■ WORK ITEM ■
Only one stretch of the records below is wanted: the lines from the one holding "Le SEVENTY 8, nouveau" through the one holding "The infinitives of". Return it exactly, both ends included.

■ INPUT RECORDS ■
=== Begin Enclosure ===
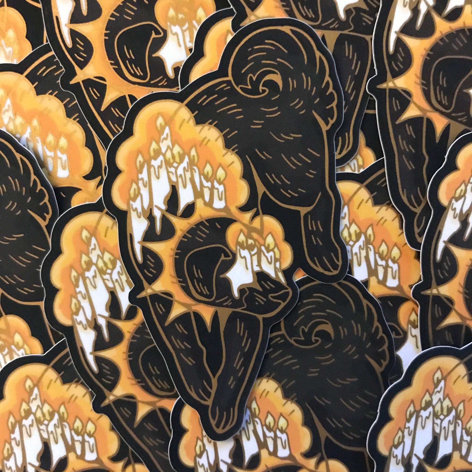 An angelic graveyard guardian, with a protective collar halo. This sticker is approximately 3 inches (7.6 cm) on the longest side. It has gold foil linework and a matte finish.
=== End Enclosure ===
=== Begin Enclosure ===
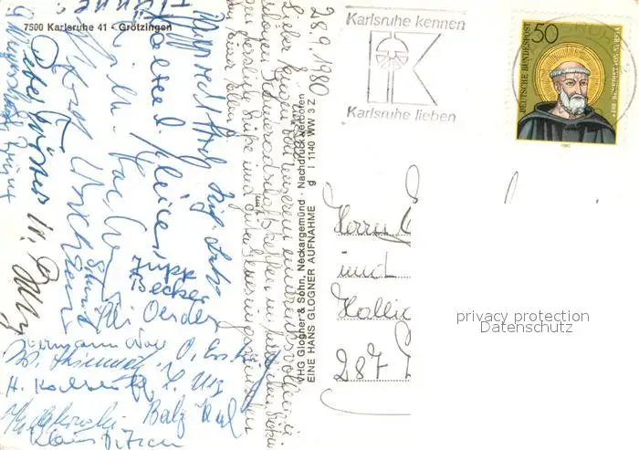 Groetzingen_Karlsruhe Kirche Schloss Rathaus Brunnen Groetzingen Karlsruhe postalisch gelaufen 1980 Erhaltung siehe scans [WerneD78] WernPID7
=== End Enclosure ===
=== Begin Enclosure ===
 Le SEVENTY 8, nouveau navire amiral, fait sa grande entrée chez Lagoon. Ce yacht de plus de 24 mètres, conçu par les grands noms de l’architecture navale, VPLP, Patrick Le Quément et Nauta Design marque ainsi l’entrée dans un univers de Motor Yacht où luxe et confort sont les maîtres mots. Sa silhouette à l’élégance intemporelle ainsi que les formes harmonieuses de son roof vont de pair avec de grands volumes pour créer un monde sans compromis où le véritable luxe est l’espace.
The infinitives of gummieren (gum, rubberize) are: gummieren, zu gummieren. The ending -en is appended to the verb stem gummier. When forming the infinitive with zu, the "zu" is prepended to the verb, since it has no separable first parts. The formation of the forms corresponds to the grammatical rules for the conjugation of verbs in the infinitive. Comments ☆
=== End Enclosure ===
■ TASK RESPONSE ■
 Le SEVENTY 8, nouveau navire amiral, fait sa grande entrée chez Lagoon. Ce yacht de plus de 24 mètres, conçu par les grands noms de l’architecture navale, VPLP, Patrick Le Quément et Nauta Design marque ainsi l’entrée dans un univers de Motor Yacht où luxe et confort sont les maîtres mots. Sa silhouette à l’élégance intemporelle ainsi que les formes harmonieuses de son roof vont de pair avec de grands volumes pour créer un monde sans compromis où le véritable luxe est l’espace.
The infinitives of gummieren (gum, rubberize) are: gummieren, zu gummieren. The ending -en is appended to the verb stem gummier. When forming the infinitive with zu, the "zu" is prepended to the verb, since it has no separable first parts. The formation of the forms corresponds to the grammatical rules for the conjugation of verbs in the infinitive. Comments ☆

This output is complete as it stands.